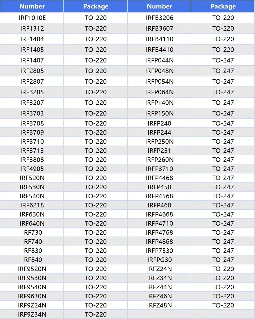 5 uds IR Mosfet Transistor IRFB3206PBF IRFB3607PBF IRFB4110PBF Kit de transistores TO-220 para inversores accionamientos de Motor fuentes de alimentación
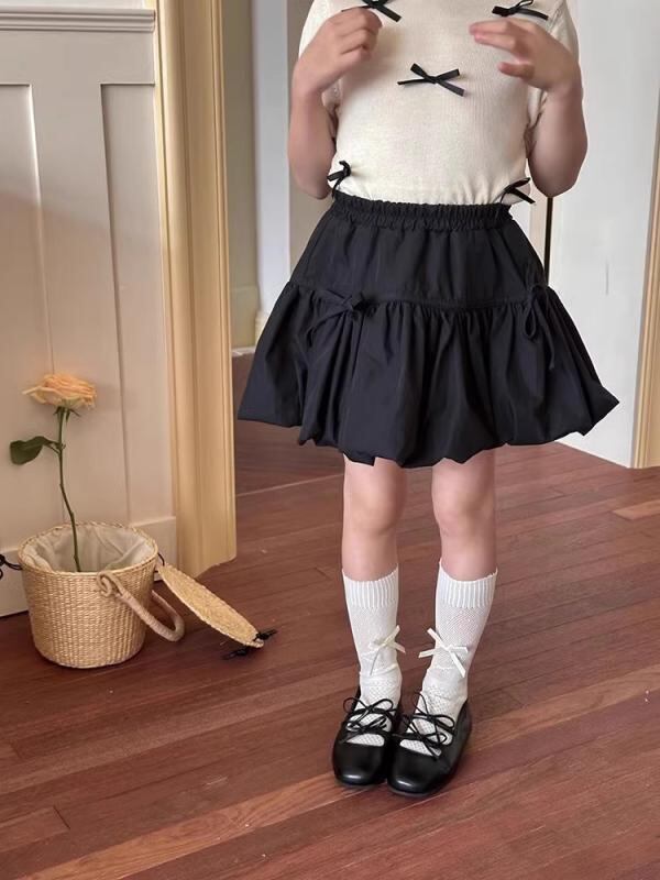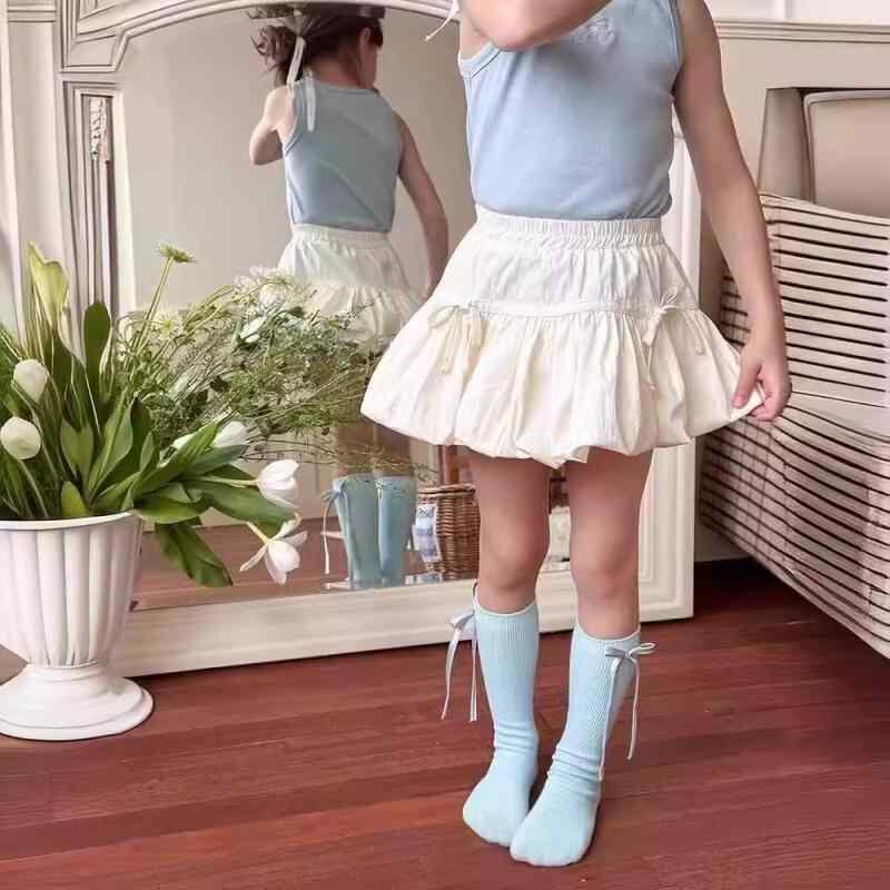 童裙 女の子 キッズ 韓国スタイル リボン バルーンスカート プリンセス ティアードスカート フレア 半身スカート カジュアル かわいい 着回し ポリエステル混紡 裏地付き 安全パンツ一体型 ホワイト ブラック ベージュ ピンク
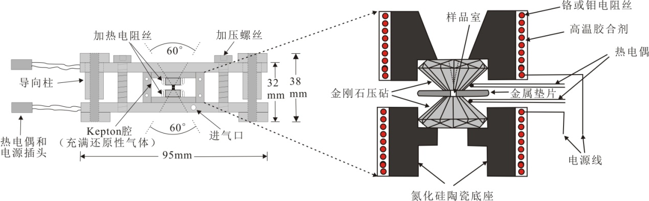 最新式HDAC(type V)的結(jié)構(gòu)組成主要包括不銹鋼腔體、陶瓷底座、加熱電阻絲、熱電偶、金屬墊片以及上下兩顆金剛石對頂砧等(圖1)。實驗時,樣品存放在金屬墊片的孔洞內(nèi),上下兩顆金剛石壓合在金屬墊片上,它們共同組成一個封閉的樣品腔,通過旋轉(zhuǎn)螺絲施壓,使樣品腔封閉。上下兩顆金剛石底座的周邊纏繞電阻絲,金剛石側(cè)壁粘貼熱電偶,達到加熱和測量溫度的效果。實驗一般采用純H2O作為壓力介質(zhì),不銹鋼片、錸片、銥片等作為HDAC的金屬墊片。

Action item:
Word for word, quote the full listing, omitting every picture.

Answer section:
 5 uds IR Mosfet Transistor IRFB3206PBF IRFB3607PBF IRFB4110PBF Kit de transistores TO-220 para inversores accionamientos de Motor fuentes de alimentación
 童裙 女の子 キッズ 韓国スタイル リボン バルーンスカート プリンセス ティアードスカート フレア 半身スカート カジュアル かわいい 着回し ポリエステル混紡 裏地付き 安全パンツ一体型 ホワイト ブラック ベージュ ピンク
 最新式HDAC(type V)的結(jié)構(gòu)組成主要包括不銹鋼腔體、陶瓷底座、加熱電阻絲、熱電偶、金屬墊片以及上下兩顆金剛石對頂砧等(圖1)。實驗時,樣品存放在金屬墊片的孔洞內(nèi),上下兩顆金剛石壓合在金屬墊片上,它們共同組成一個封閉的樣品腔,通過旋轉(zhuǎn)螺絲施壓,使樣品腔封閉。上下兩顆金剛石底座的周邊纏繞電阻絲,金剛石側(cè)壁粘貼熱電偶,達到加熱和測量溫度的效果。實驗一般采用純H2O作為壓力介質(zhì),不銹鋼片、錸片、銥片等作為HDAC的金屬墊片。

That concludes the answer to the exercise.